> [STORED DATA]
========

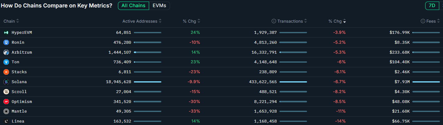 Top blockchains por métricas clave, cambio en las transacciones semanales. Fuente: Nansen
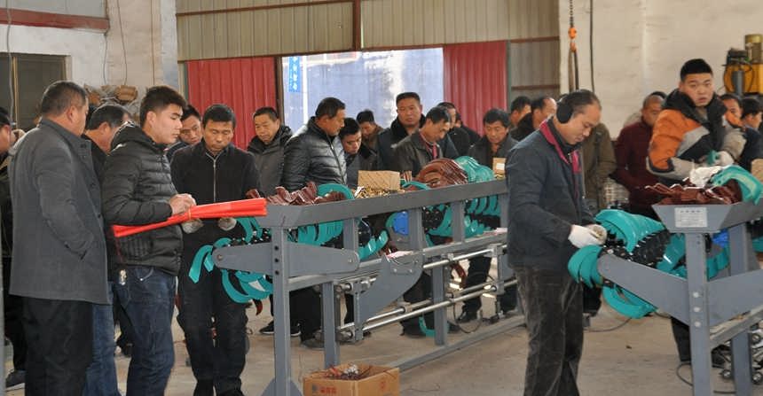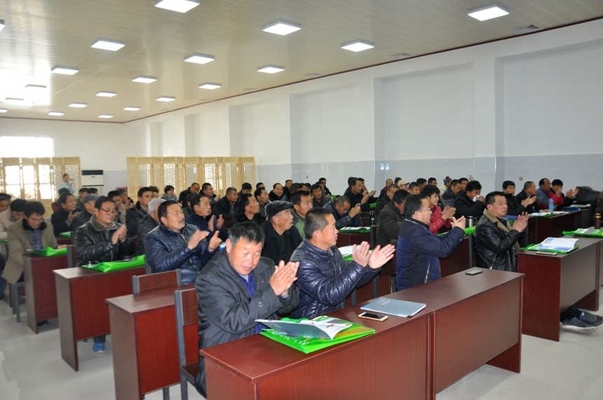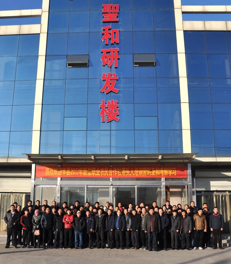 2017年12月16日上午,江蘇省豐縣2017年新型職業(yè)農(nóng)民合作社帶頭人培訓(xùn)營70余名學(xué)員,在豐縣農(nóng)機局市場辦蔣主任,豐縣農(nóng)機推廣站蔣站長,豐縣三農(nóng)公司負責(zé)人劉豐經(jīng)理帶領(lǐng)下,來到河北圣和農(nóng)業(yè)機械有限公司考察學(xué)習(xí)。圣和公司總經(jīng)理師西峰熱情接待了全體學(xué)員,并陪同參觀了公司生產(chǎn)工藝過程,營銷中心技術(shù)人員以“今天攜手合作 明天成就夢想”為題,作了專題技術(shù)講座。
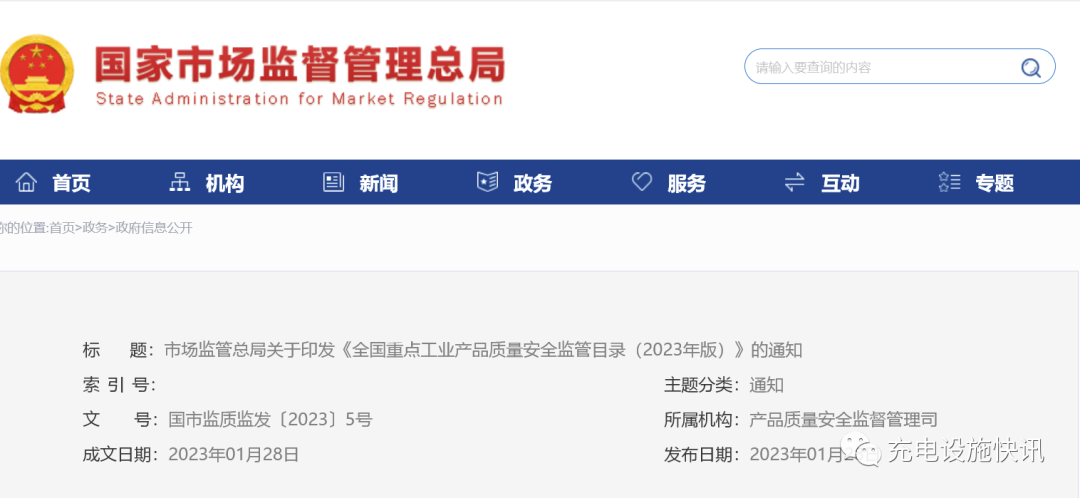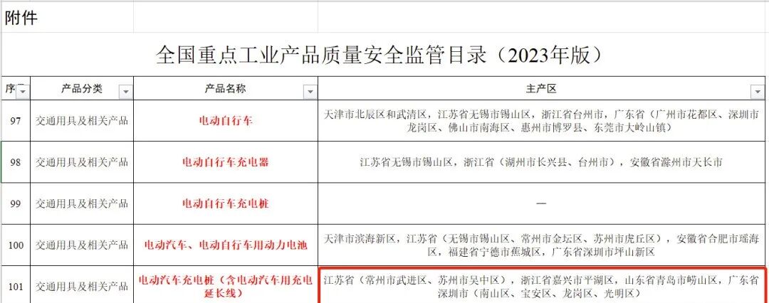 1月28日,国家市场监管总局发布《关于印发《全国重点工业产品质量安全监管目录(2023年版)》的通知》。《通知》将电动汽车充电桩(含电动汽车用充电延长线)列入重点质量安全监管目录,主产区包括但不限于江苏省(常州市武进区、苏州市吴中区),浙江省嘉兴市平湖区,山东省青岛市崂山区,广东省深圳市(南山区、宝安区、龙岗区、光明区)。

========

> [WHAT IS BEING ASKED]
Repeat only the lines between the start of the data and the line with "2017年12月16日上午,江蘇省豐縣2", including those two lines, and skip the pictures.

> [FINISHED EXERCISE]
 Top blockchains por métricas clave, cambio en las transacciones semanales. Fuente: Nansen
 2017年12月16日上午,江蘇省豐縣2017年新型職業(yè)農(nóng)民合作社帶頭人培訓(xùn)營70余名學(xué)員,在豐縣農(nóng)機局市場辦蔣主任,豐縣農(nóng)機推廣站蔣站長,豐縣三農(nóng)公司負責(zé)人劉豐經(jīng)理帶領(lǐng)下,來到河北圣和農(nóng)業(yè)機械有限公司考察學(xué)習(xí)。圣和公司總經(jīng)理師西峰熱情接待了全體學(xué)員,并陪同參觀了公司生產(chǎn)工藝過程,營銷中心技術(shù)人員以“今天攜手合作 明天成就夢想”為題,作了專題技術(shù)講座。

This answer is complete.